Peace

    I imagine a quiet place. There I am alone. There’s a cool spring breeze that teases me with the smell of freshly cut grass and flowers. The sunlight wraps its arms tight around my body. I am warm. I imagine I am walking through a tall wheat field. barefoot. The earth beneath my feet is sturdy with a little give but it is strong and it will hold me. I am not worried. I am not worried about the ticks or the spiders or the ants or any other form of insect or bug that’s curiosity would peak to the point of having crawled or flown onto my being. I am not worried about how dirty my feet will be or how, as I walk barefoot, one or both of my feet could become cut or injured in some way leading to an infection. I am not worried about getting taken against my will. I am not worried about a million other things that constantly run and bounce around inside my head. I am not worried because here. In this moment. I feel content. The palms of my hands graze the top of the wheat as I hold my arms out to my sides parallel to the ground, feeling the breeze pass by me. I feel loved. In the distance I hear unknown children laughing as they play. The creaking of the old metal swings take me back to my own childhood. I smile at the thought of the children’s joy. Their carefree ‘throwing caution to the wind’ attitudes. I close my eyes as I walk taking slow deep breaths of air into my lungs. I am wearing a long summer dress that stops slightly above my ankles and that hugs my body in the right places and flows eloquently in the others. My hair has light waves in it.

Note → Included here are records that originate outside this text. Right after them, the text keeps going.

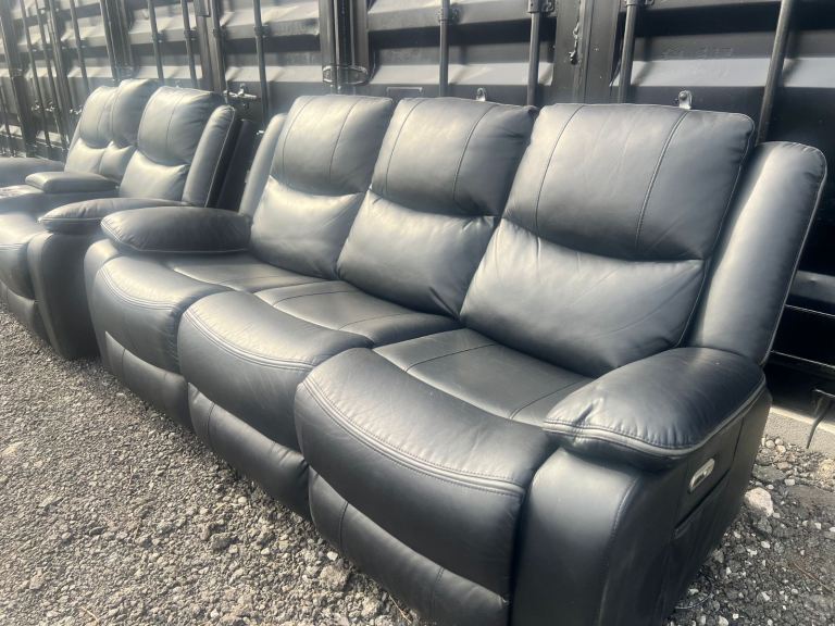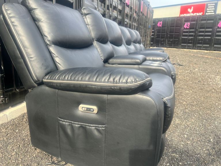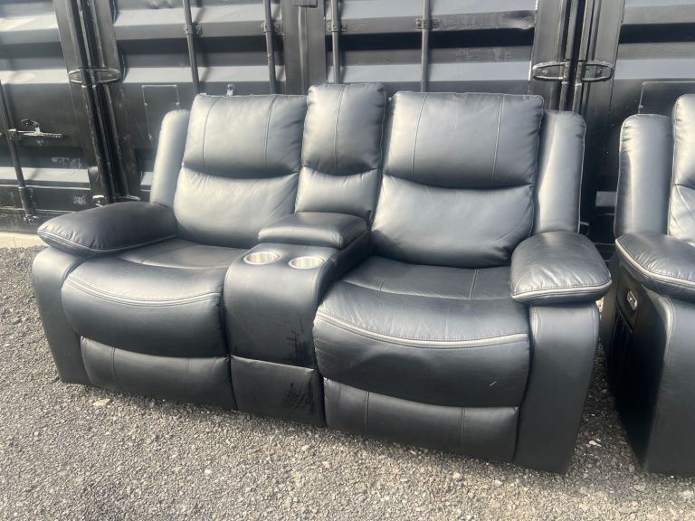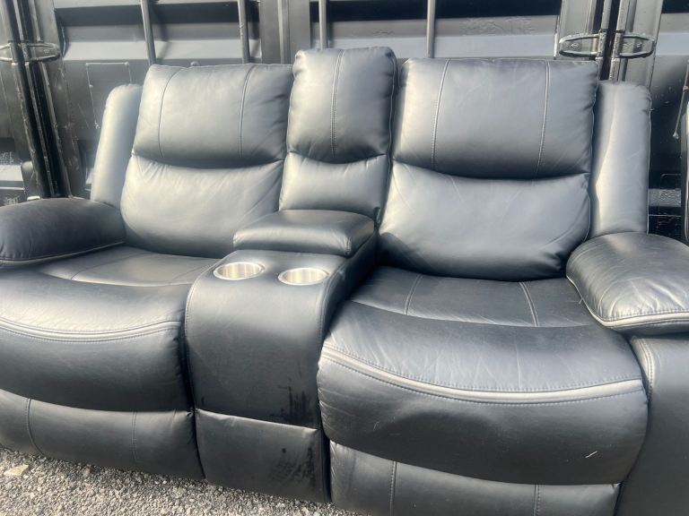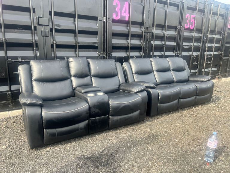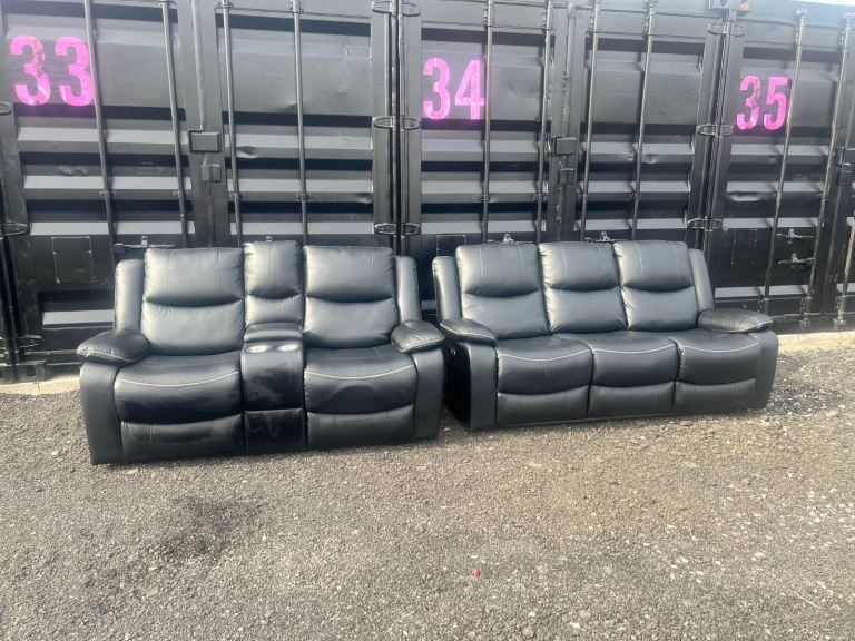 Posting for 9+ monthsBlack Electric Leather 2 & 3 Seater Sofa Set Plus Cup Holders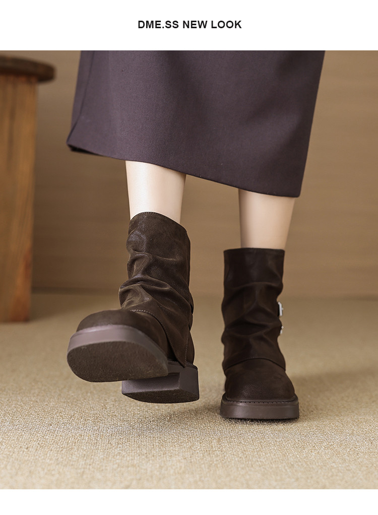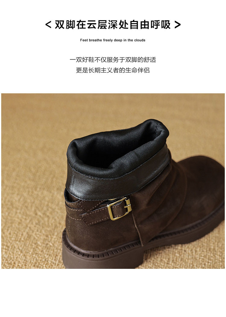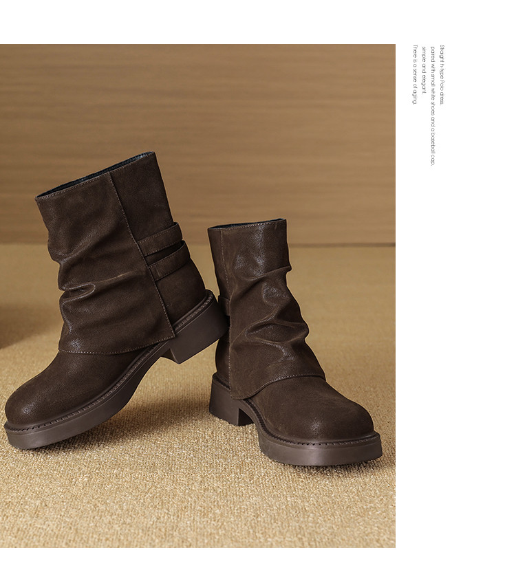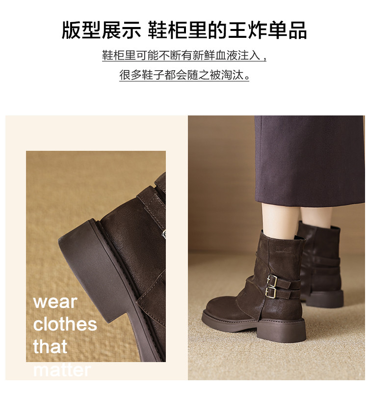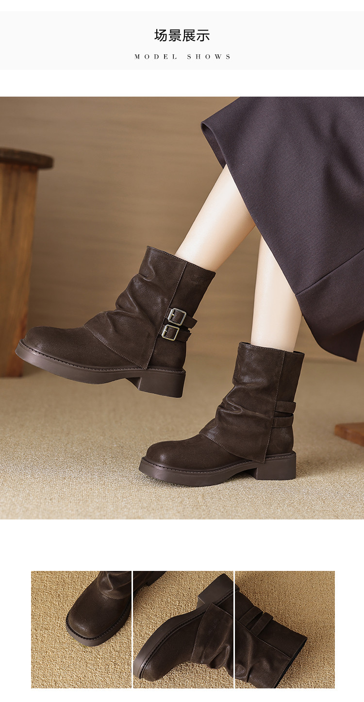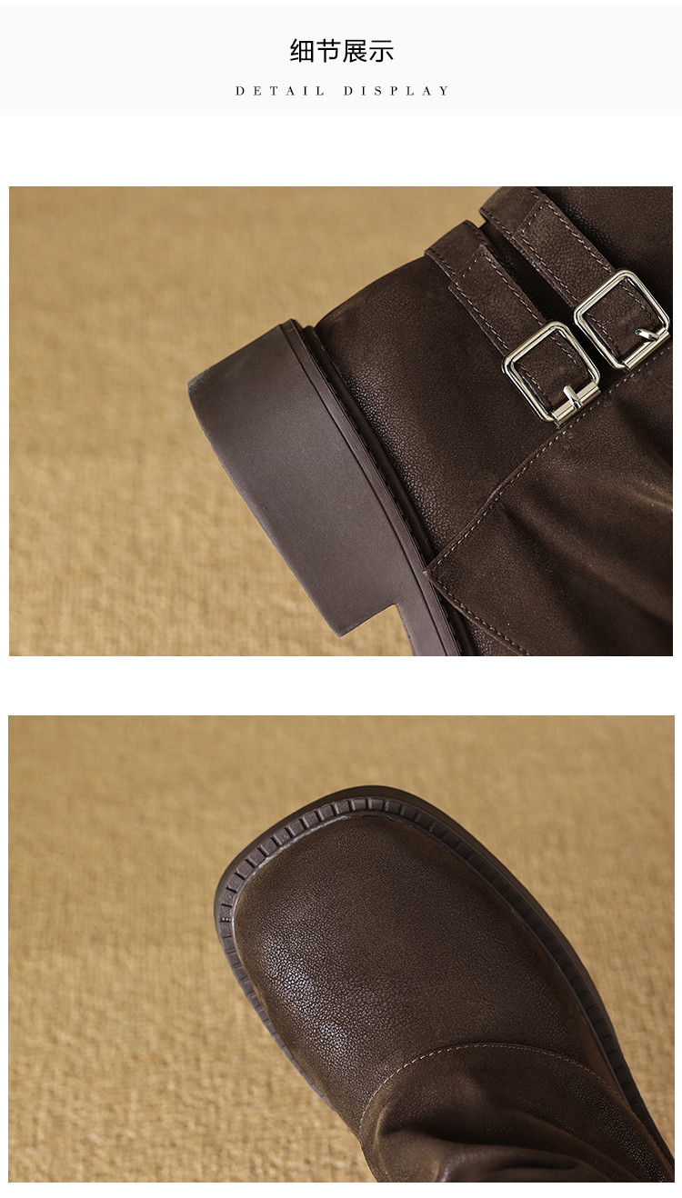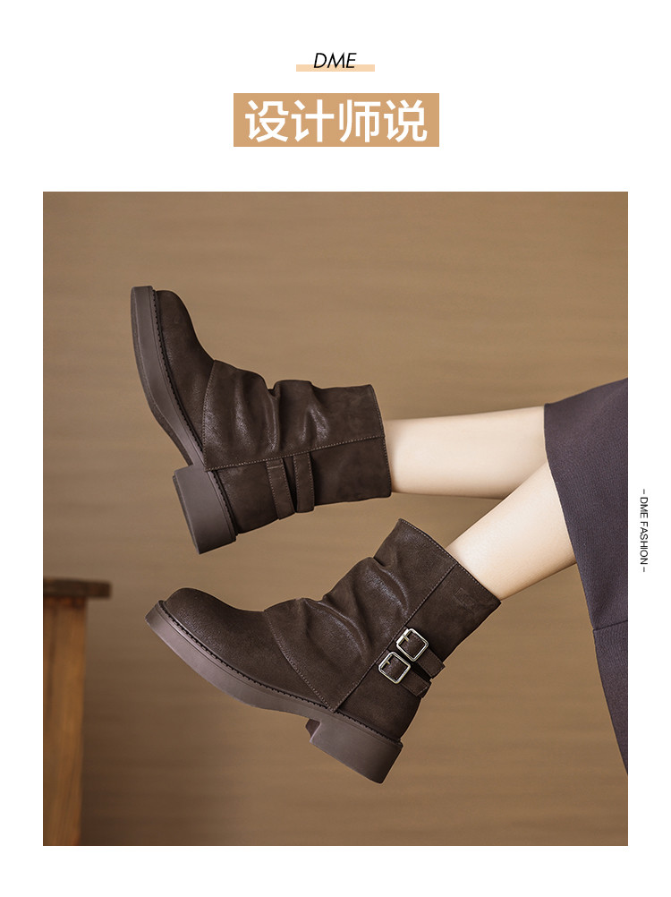 潮酷冬季时尚复古百搭双扣方圆头裤靴堆堆靴西部靴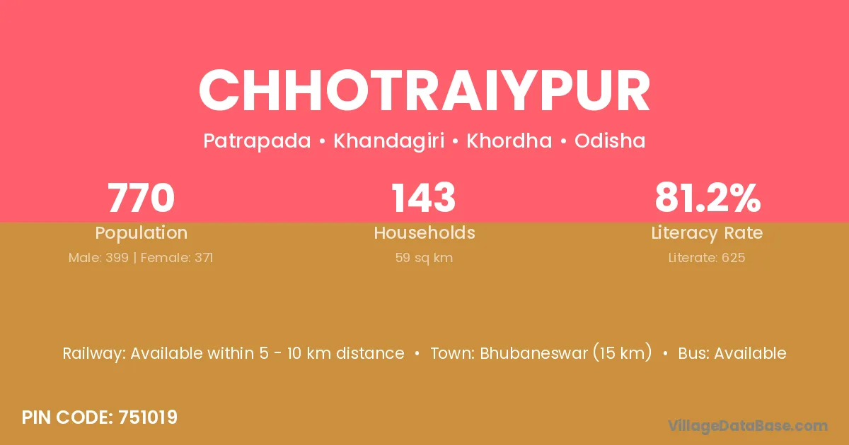 Bhubaneswar (15 km) is the nearest town to Chhotraiypur village for major economic activities and is located approximately 15 km away.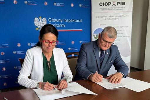 Główny inspektor sanitarny dr n. med. Paweł Grzesiowski i dyrektor Centralnego Instytutu Ochrony Pracy – Państwowego Instytutu Badawczego Agnieszka Szczygielska podpisali 11 czerwca porozumienie o współpracy pomiędzy instytucjami.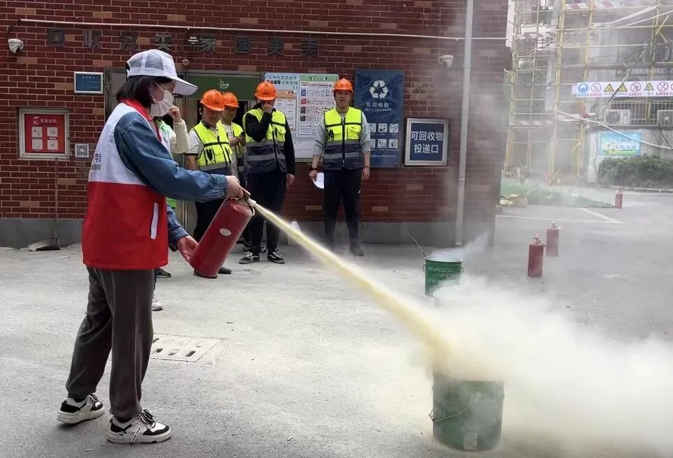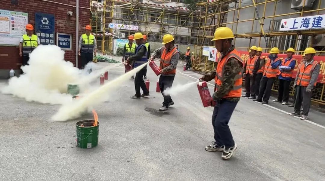 活动中,上海建工一建集团的消防宣传员通过典型火灾案例警示参与者重视消防安全,并对火灾报警、人员疏散、逃生自救、常用消防器材操作、扑救初起火灾注意事项等消防安全知识进行了详细讲解。现场工人和居民代表在消防宣传员的指挥下进行了油桶着火和实地灭火模拟演练。
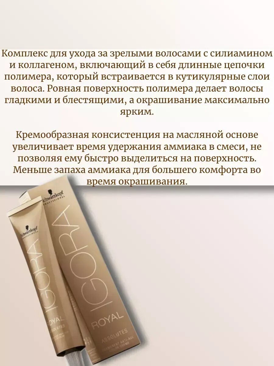 | Комплектация | Schwarzkopf Professional, Igora Royal, Absolutes Age Blend, 8-50 стойкая крем-краска для зрелых волос, Светлый русый золотистый натуральный, 60 мл |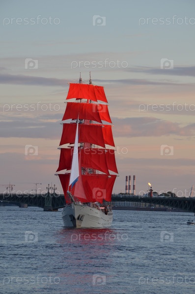 Бриг Россия с развернутыми парусами алого цвета в акватории Невы на репетиции праздника для выпускников Алые паруса в Санкт-Петербурге в июне 2024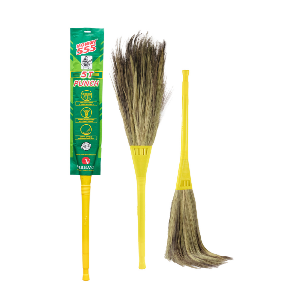 The 5T Punch Broom features a unique palm-shaped (five-finger spread) design that ensures fast and effortless sweeping, reducing both time and effort. The specially designed polymer handle allows easy reach into corners, making rooms neat and tidy.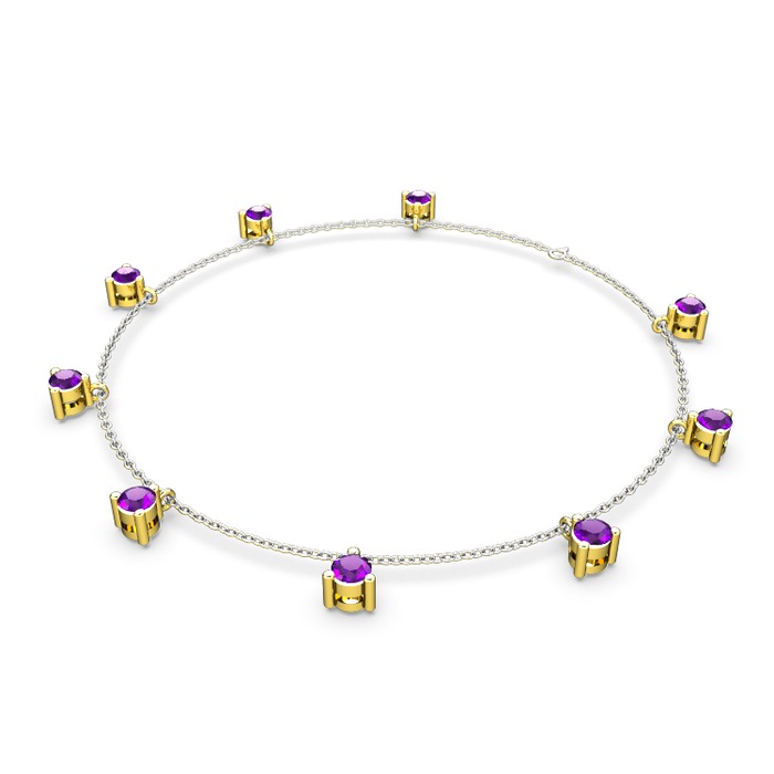 Ametist 925 ayar altın kaplama gümüş bilezik (40 cm gümüş rolo zincir)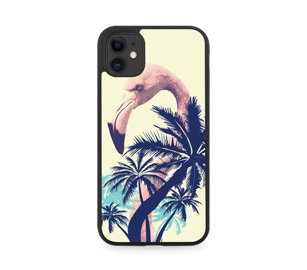 Stylish Flamingo and Palm Tree Silhouette Rubber Phone Case Artistic Neon J401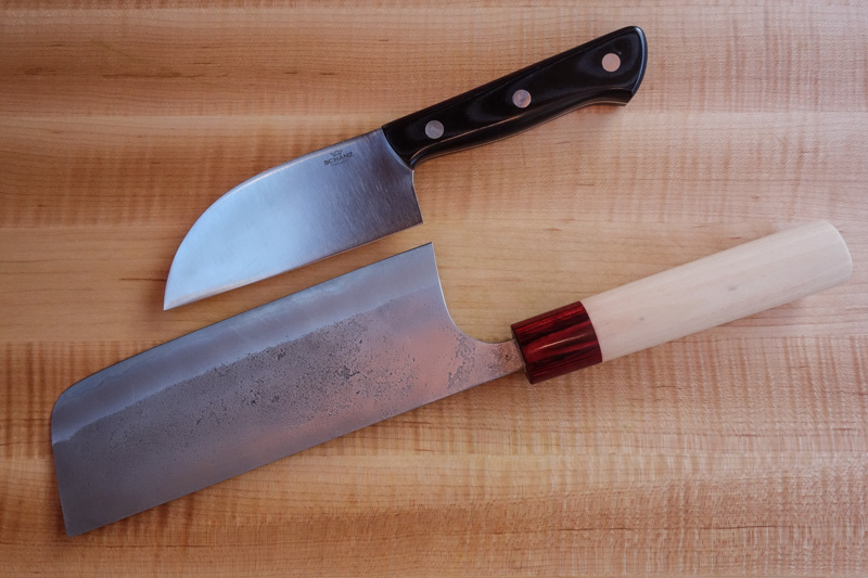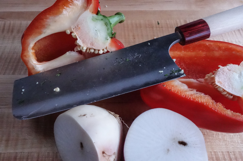Parallel zum Thema Stahl quält uns seit langem der Reiz, dem Roadhouse das klassisch japanische Gemüsemesser - ein echtes Nakiri - zuzuführen. Für die ganz großen Schoten! Womit wir dann vermutlich vollständig zum Vegetarier mutieren werden. Immer wieder hin- und hergerissen von allen möglichen Schneidgeräten dieser Art, war am fernen Horizont das Herder Nakiri in Sicht geblieben. Von Herder-Hardlinern gern empfohlen, lag es ja eigentlich auch nahe. Dieser solingisch dünngeschliffene Carbonstahl ist aber auch unwiderstehlich. Das kesselt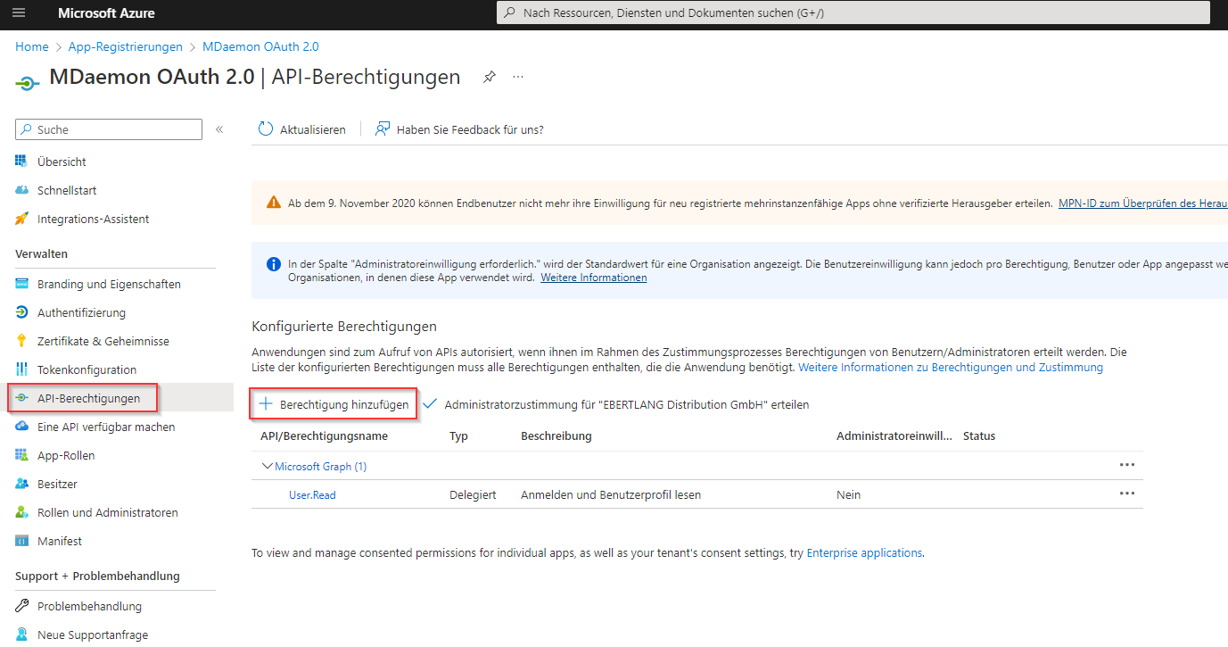 Sollte in der Übersicht "API-Berechtigungen" die Berechtigung "User.Read" fehlen, wählen Sie diese in diesem Schritt ebenfalls aus. Allerdings sollte diese standardmäßig bereits zugewiesen sein.

Breathe in. . . . Breathe out. . . . Breathe in. . . . Breathe out. . . .
This is not my reality though as I have no field and I would never not be worried. But I can close my eyes and imagine. Imagine a quiet mind and a calm body. Drowning out the busy noise of the world. And imagining total acceptance for all that has been and all that will be. I close my eyes. I am at peace. If only for a moment.